Fonte: Veja
Não foram poucas as vezes em que o Tribunal Superior Eleitoral (TSE) entrou em rota de colisão com o Congresso. No ano passado, por exemplo, a Corte definiu que o dinheiro público que financia as campanhas políticas deveria ser dividido segundo a porcentagem de candidatos brancos e negros de cada legenda. Em 2018, estabeleceu também que, se as mulheres representavam, no mínimo, 30% das candidaturas, nada mais justo que elas também tivessem direito à mesma proporção dos recursos do Fundo Eleitoral.

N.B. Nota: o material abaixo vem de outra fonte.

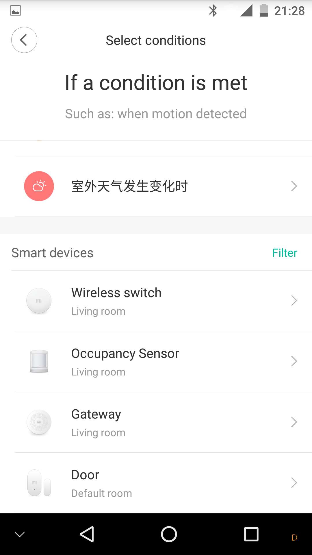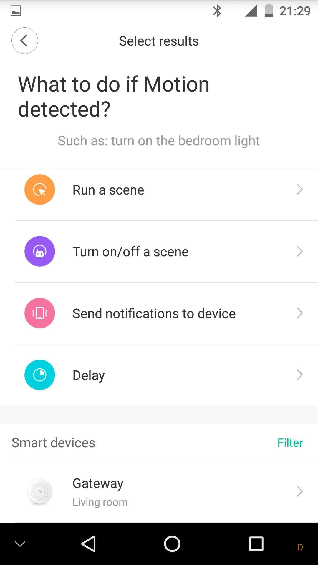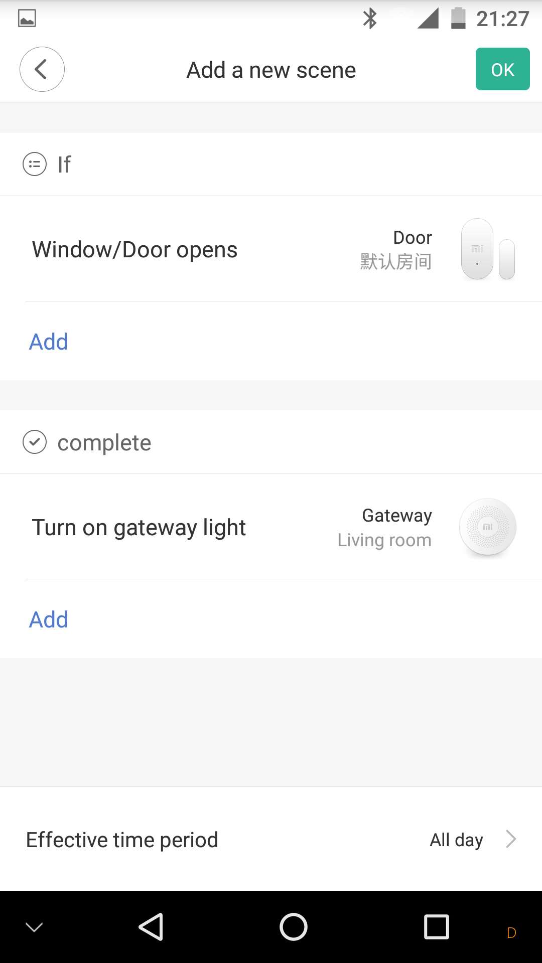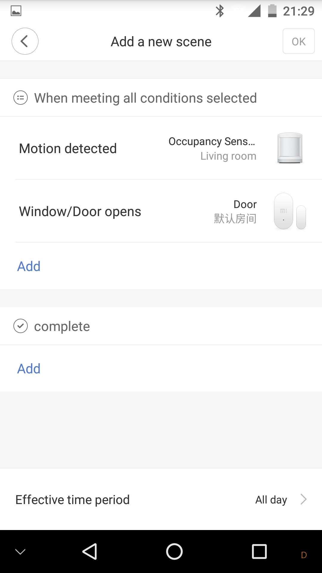 Het kunnen aan- en uitzetten van een lamp via je smartphone is natuurlijk zeer handig maar je wilt eigenlijk dat dit allemaal automatisch gaat. Een goed domotica systeem heeft dus een mogelijkheid om regels te maken. De Mi Home heeft deze functionaliteit gelukkig aan boord.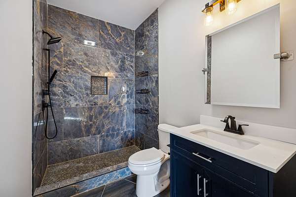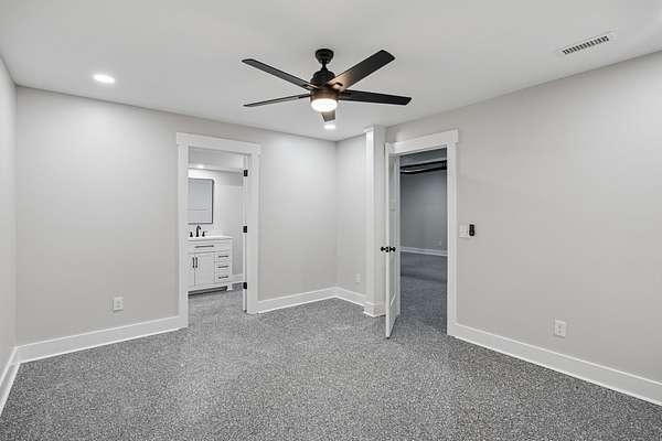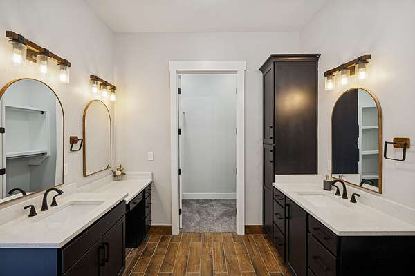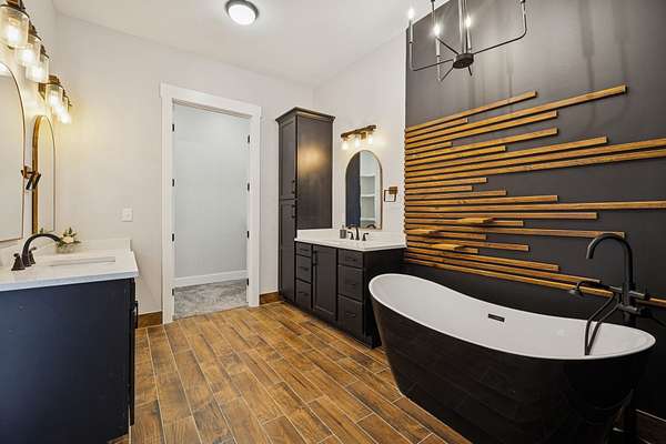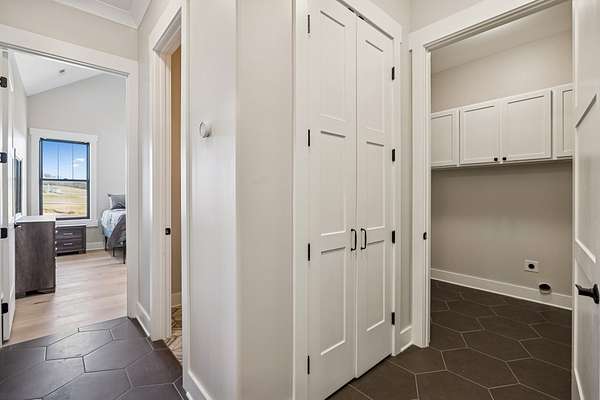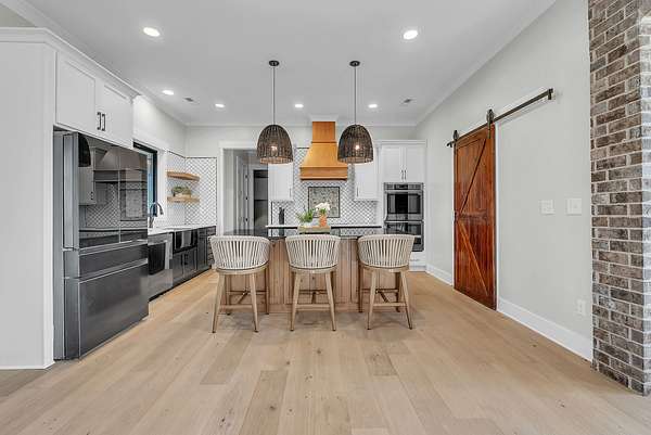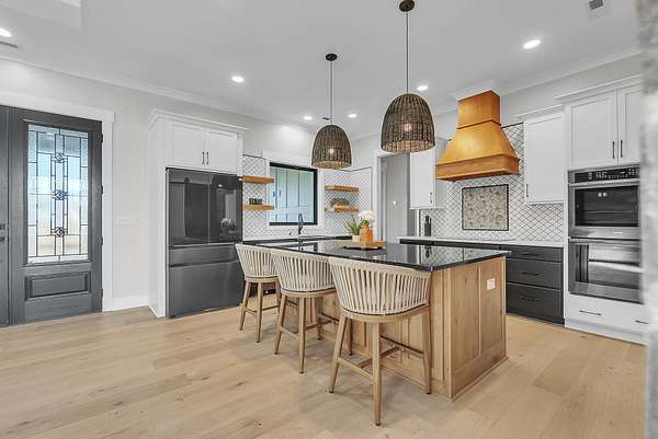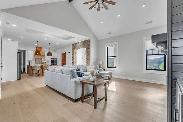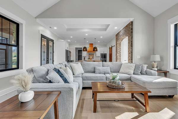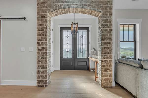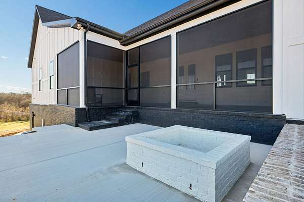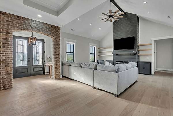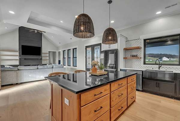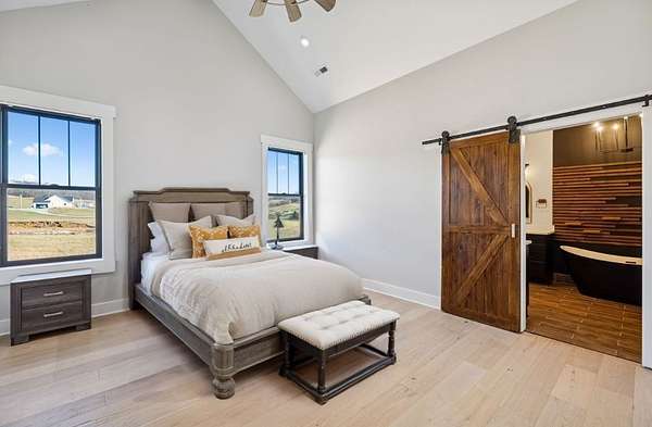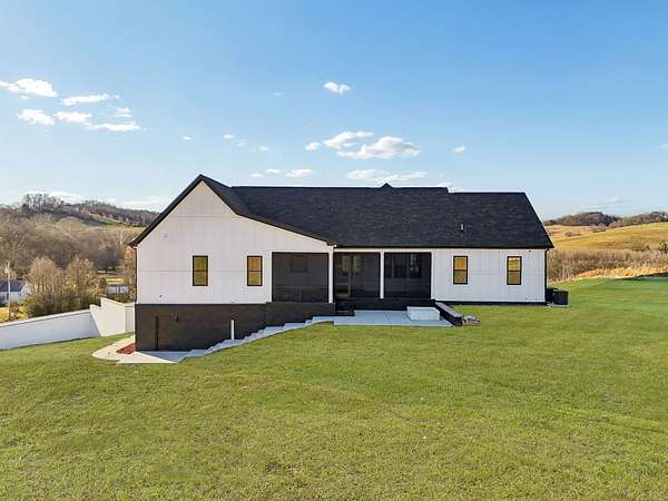 Discover your private retreat surrounded by rolling scenic views in this beautifully crafted 4-bedroom, 3.5-bath home designed for both everyday comfort and unforgettable entertaining. From the moment you arrive, the striking brick front entryway and custom double doors set the tone for the craftsmanship found throughout. Inside, real hardwood floors lead into a bright open-concept living space featuring vaulted ceilings and a stunning floor-to-ceiling fireplace that anchors the room with warmth and character. The gourmet kitchen is a dream for both cooking and gathering, offering double ovens, custom cabinetry, a spacious island, tile backsplash, and a walk-in pantry. All bedrooms are conveniently located on the main level, creating an ideal layout for both privacy and functionality.The luxurious primary suite is a true retreat with direct access to the back patio. It features dual vanities with a dedicated makeup space, two large walk-in closets with custom built-ins, and a spa-inspired bath featuring elegant tilework, a soaking tub, and an oversized tiled shower. Step outside to enjoy the peaceful surroundings on the covered back porch with warm wood accents, plus an additional open-air entertaining space complete with a built-in fire pit—perfect for gathering with friends and family while taking in the views.Upstairs, a spacious bonus/media room provides the ideal space for movie nights, game days, or a playroom.Downstairs, the massive finished basement—nearly the same footprint as the main level—offers incredible flexibility. Imagine a home gym, golf simulator, in-law suite, game room, home theater, or additional living quarters for older children or guests. Additional highlights include abundant storage throughout and a 2-car garage withextra storage and epoxy flooring. This home blends luxury, comfort, and space in a setting that feels private yet inviting.

Decisões como essas mitigaram o poder dos dirigentes partidários e alimentaram o debate sobre os limites da atuação do TSE. Mudanças importantes nessa área podem ocorrer em breve. Está em discussão na Câmara dos Deputados uma proposta de reforma do Código Eleitoral que retira algumas das principais atribuições do tribunal. As alterações estudadas abrem a possibilidade de os partidos contratarem empresas privadas para auditar as próprias contas e garantem ao Congresso a prerrogativa de vetar resoluções, caso os parlamentares entendam que o tribunal extrapolou sua competência.
O TSE já determinou a verticalização de coligações e criou a hipótese de perda de mandato por infidelidade partidária, duas medidas que atingiram em cheio a dinâmica interna dos partidos. Só no ano passado, o tribunal aprovou 23 resoluções normatizando temas variados, como a prestação de contas dos candidatos e o calendário das eleições. “O tribunal em alguns casos vem legislando, substituindo o Congresso e extrapolando sua função. Os sete ministros não detêm a mesma legitimidade que os 513 deputados do Congresso”, diz a professora Clarissa Maia, integrante da Academia Brasileira de Direito Eleitoral e Político (Abradep), que, no geral, vê como positivas as propostas. O exame dos balanços financeiros dos partidos, porém, é um tema polêmico.
É fato que o TSE, apesar de ser o responsável pelo acompanhamento e fiscalização do uso correto de recursos públicos nos processos eleitorais, nunca exerceu essa função de maneira, digamos, muito eficiente. Os técnicos não encontraram nada de errado, por exemplo, nas campanhas presidenciais de Fernando Collor, Lula ou Dilma Rousseff — todas elas eivadas de irregularidades descobertas muito tempo depois e que se transformaram em grandes escândalos. No caso das contas partidárias, a situação não é muito diferente. As legendas dividem uma bolada anual de cerca de 1 bilhão de reais — dinheiro que nem sempre é usado de maneira legal. Com o novo código, os partidos teriam a opção de contratar uma empresa privada de auditoria para atestar a legalidade da prestação de contas. Nesse cenário, o TSE poderia reprovar as contas apenas se o relatório da auditoria apresentasse incongruências, ou seja, sem fazer uma análise mais aprofundada dos gastos. “O texto amarra as mãos da Justiça Eleitoral, esvaziando totalmente a fiscalização sobre as contas, que se torna um ato meramente formal”, critica o diretor executivo do Movimento Transparência Partidária, Marcelo Issa. Para a deputada Margarete Coelho (Progressistas-PI), relatora do projeto, o objetivo da mudança é tornar mais rápida a análise das contas dos partidos. A atual legislação prevê que elas devem ser julgadas em um prazo de até cinco anos. Na prática, isso não funciona. Em pleno 2021, o TSE ainda está julgando as contas de 2015. “Precisamos dinamizar o processo”, justifica a deputada.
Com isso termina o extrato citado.